TASK DIRECTIONS - Make an exact transcript of the lines in the data below, starting with the one containing "Onのロゴとつま先の反射板だ" and going on through the one containing "2. Cowboy Country: Burlap, BBQ, and", with both included and the pictures left out.

EXERCISE MATERIALS -
################

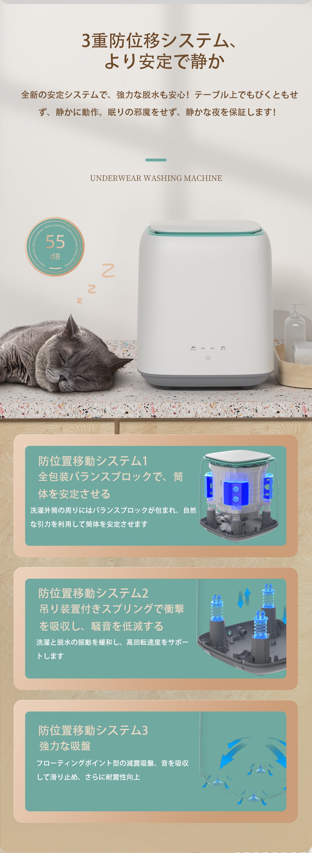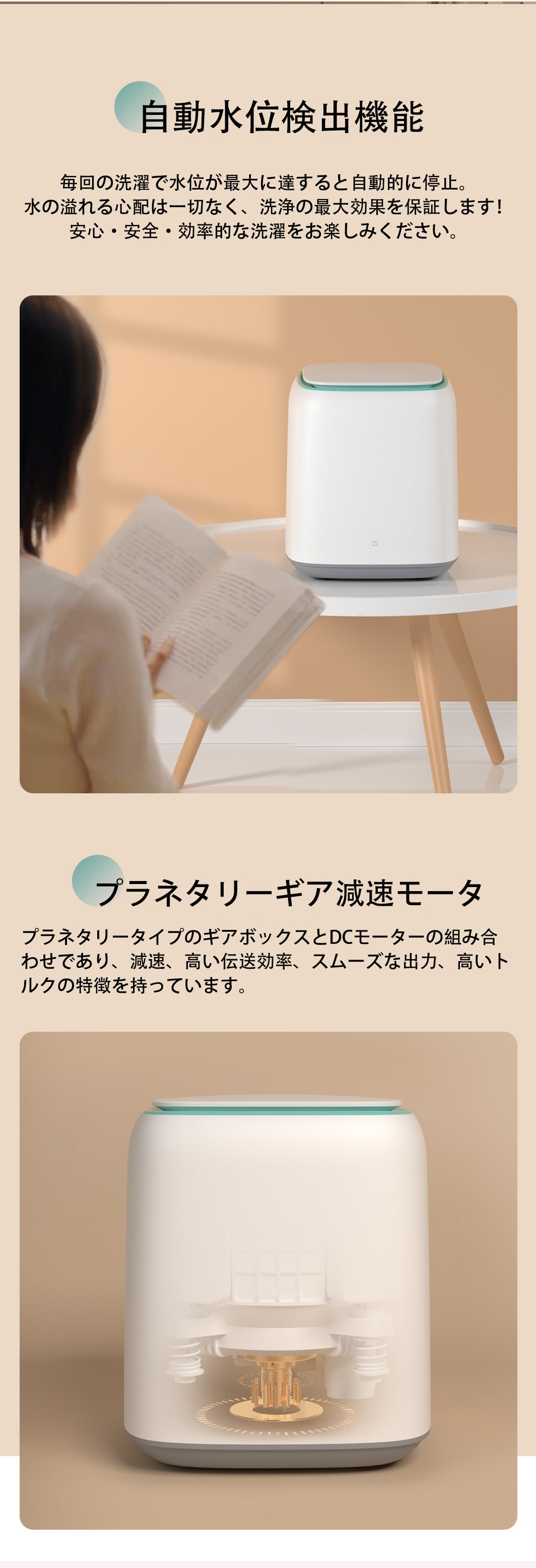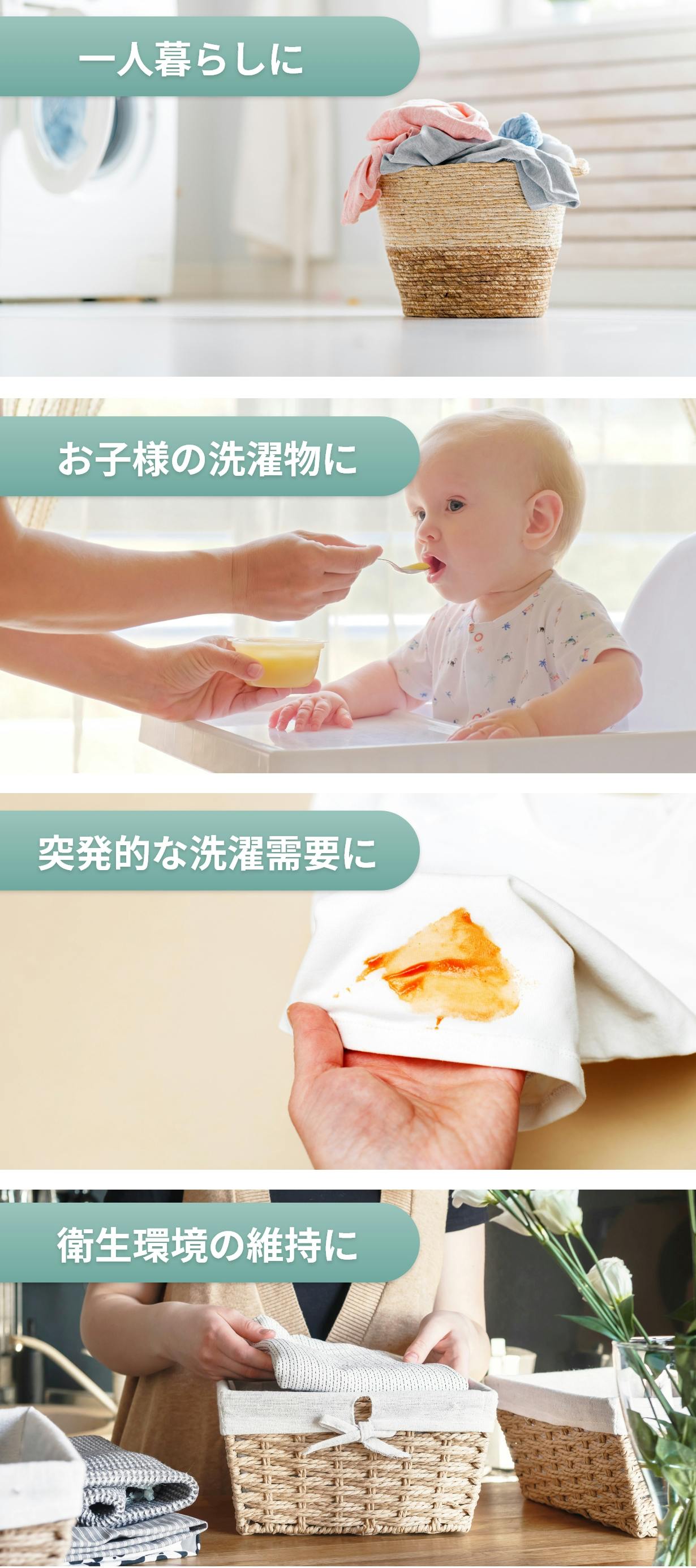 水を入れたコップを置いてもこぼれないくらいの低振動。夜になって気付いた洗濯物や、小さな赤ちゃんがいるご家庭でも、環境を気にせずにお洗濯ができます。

################

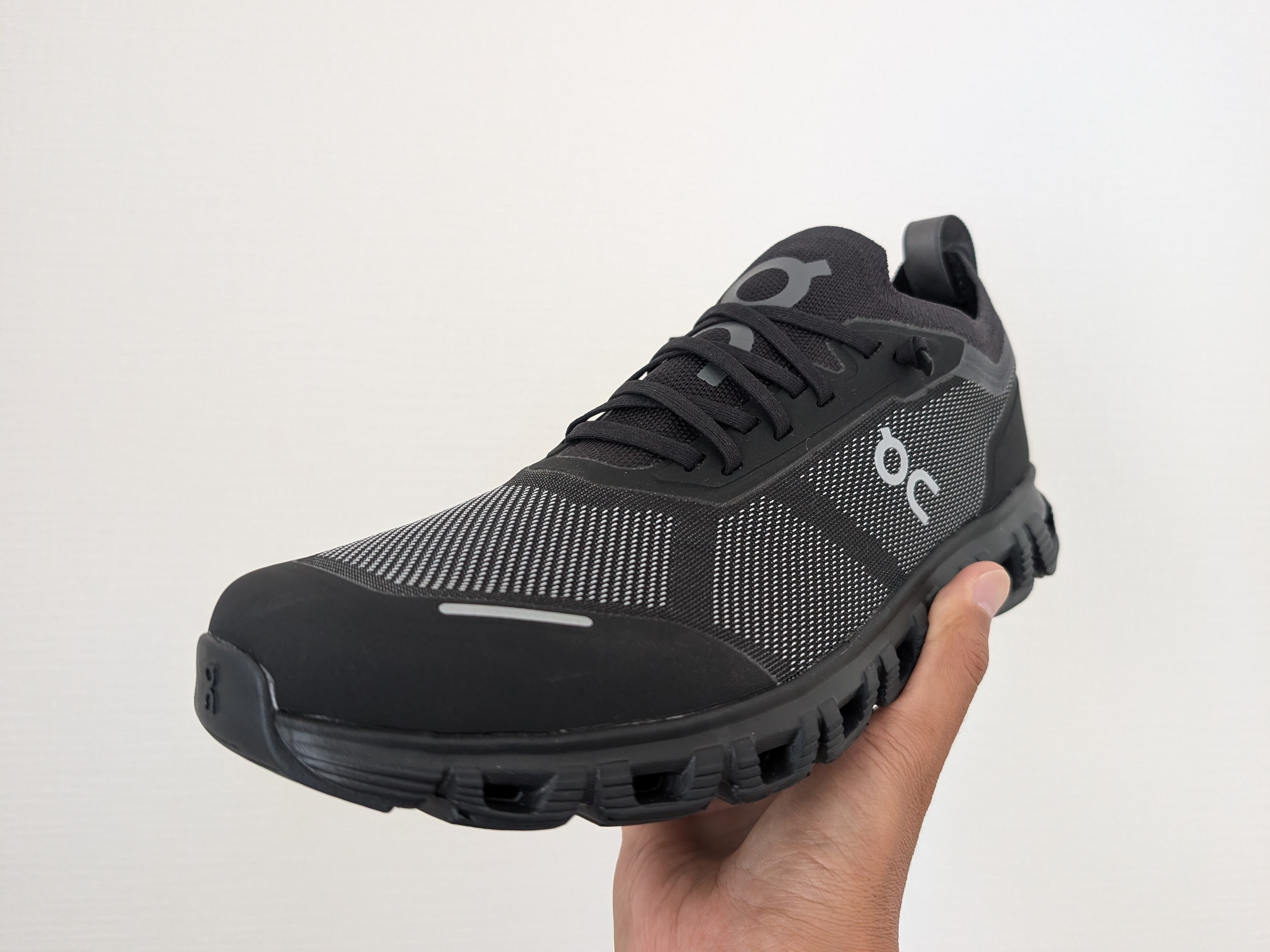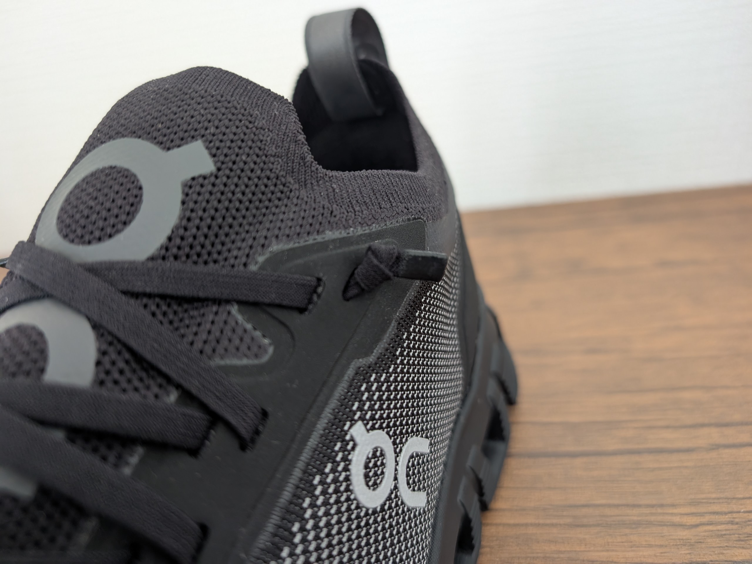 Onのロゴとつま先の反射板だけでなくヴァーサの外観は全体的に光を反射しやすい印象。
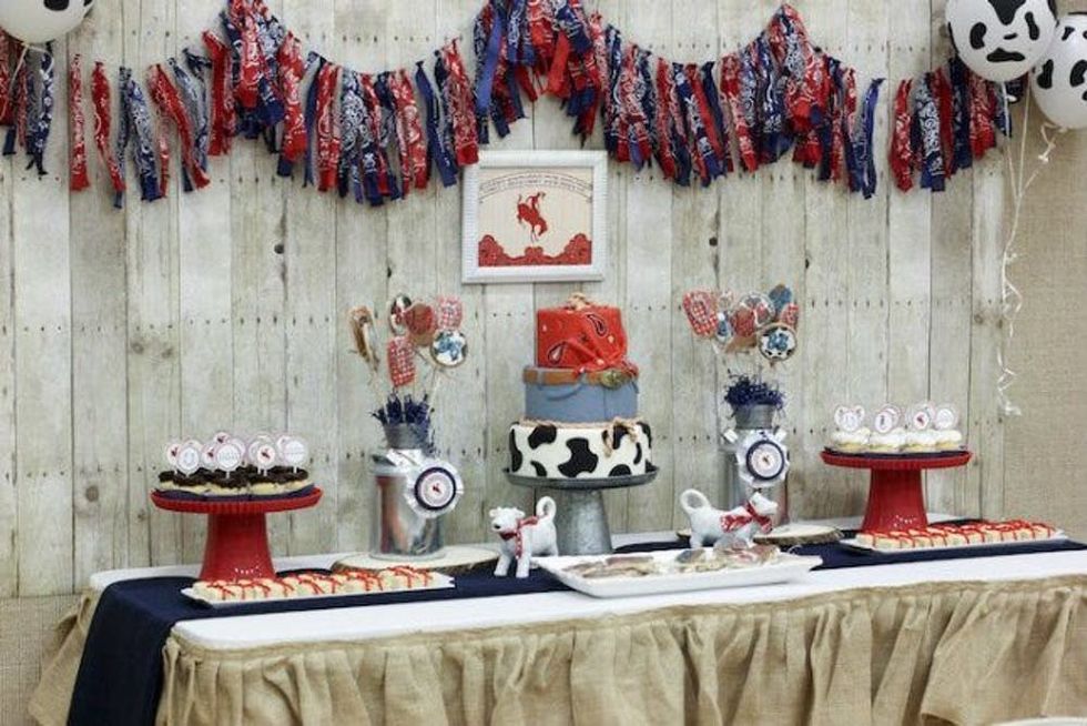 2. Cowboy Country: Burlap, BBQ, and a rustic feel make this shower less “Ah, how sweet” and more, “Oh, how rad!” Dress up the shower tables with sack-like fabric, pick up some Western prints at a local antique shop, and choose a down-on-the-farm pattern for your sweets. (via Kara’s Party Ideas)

################

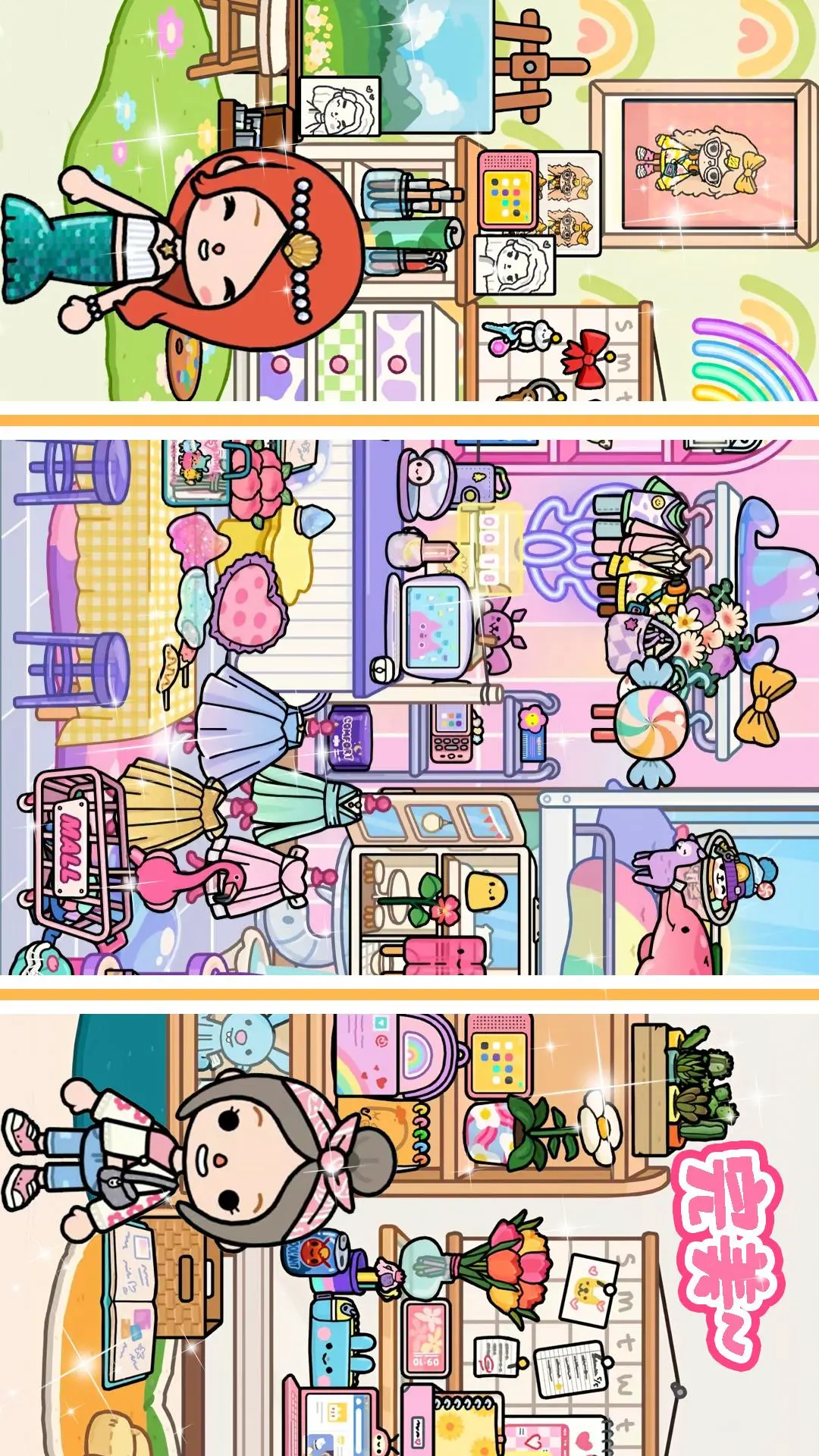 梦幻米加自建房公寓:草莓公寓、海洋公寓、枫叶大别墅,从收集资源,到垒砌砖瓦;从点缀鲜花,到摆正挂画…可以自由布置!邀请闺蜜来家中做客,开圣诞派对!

################

RESULT OF THE TASK -
 Onのロゴとつま先の反射板だけでなくヴァーサの外観は全体的に光を反射しやすい印象。
 2. Cowboy Country: Burlap, BBQ, and a rustic feel make this shower less “Ah, how sweet” and more, “Oh, how rad!” Dress up the shower tables with sack-like fabric, pick up some Western prints at a local antique shop, and choose a down-on-the-farm pattern for your sweets. (via Kara’s Party Ideas)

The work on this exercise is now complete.